Friday 21 November 2014

Source file existence check



         If the source file is not available then ETL execution will fail. For avoiding this failure, we can implement a task to check the source file existence, based on source file availability we can take further action.

In this post i am going to explain 'Source file existence check' in two ways
  • Using 'Script task'
  • Using 'Foreach Loop container'

Using Script task:
     Step 1:
  • Create the below three variables
    • Name: SourceDirectory     Data type: String     Value: D:\Source\ (Source directory)
    • Name: SourceFileName     Data type: String     Value: Customer.txt (Source file name)
    • Name: FileExistence           Data type: String     Value: False
      Step 2:
  • From Toolbox drag and drop 'Script task'.
  • Edit the script task and select ScriptLanguage as "Microsoft Visual Basic". Select 'SourceDirecotry' and 'SourceFileName' variables in the "ReadOnlyVariable" list. Select 'FileExistence'  variable from the "ReadWriteVariables" list.
  • Click on "Edit Script..." button. Vb script will open, used the below script to check source file availability.

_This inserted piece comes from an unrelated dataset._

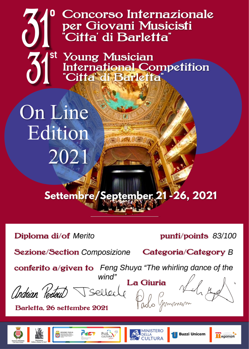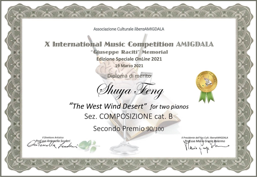 2021年4月,在第十届意大利阿米戈达拉国际作曲比赛中,双钢琴作品《西风瀚漠》(2020年创作)荣获二等奖、大提琴与钢琴二重奏《远古的回声》(2017年创作)荣获三等奖、钢琴独奏《自然的独白》(2020年创作)荣获四等奖;

        dim FullPath = Dts.Variables("User::SourceDirectory").Value.ToString() + Dts.Variables("User::SourceFileName").Value.ToString()
        If System.IO.File.Exists(FullPath) Then
            Dts.Variables("User::FileExistence").Value = "True"
        Else
            Dts.Variables("User::FileExistence").Value = "False"
        End If

 
  • Save the script. Close the 'Integration Service Script Task' window.
  • Click on 'Script Task Editor' window 'OK' button.
  • From Toolbox drag and drop two 'Data flow tasks'. 1st task will run if source file is present. If source file is not present second task will run. For this process i am going to write expressions.
  • Connect the Script task green arrows (precedence constraint) to the Data flow tasks.
 
      Step 3:
  • Right click on the first 'Precedence Constraint' and select 'Edit' option.
  • 'Precedence constraint Editor' window will open.
  • Select 'Expression and Constraint' from the 'Evaluation operation' drop-down list.
  • Writhe the expression @[User::FileExistence] == "True"  in the 'Expression' text box.
 
  •  Same way write expression (@[User::FileExistence] == "False" ) for second 'Precedence constraint'
 
      Step 4:
  • Now the Package is ready. Source file is present, so if i run the package, first 'Data flow task' should run.
  • In the above screen we can see that the first 'Data flow task' is executed.
  • Now i have removed the source file. If i run the ETL second 'Data flow task' should run.
  • In the above screen we can see that the second Data flow task is executed. So source file is not present.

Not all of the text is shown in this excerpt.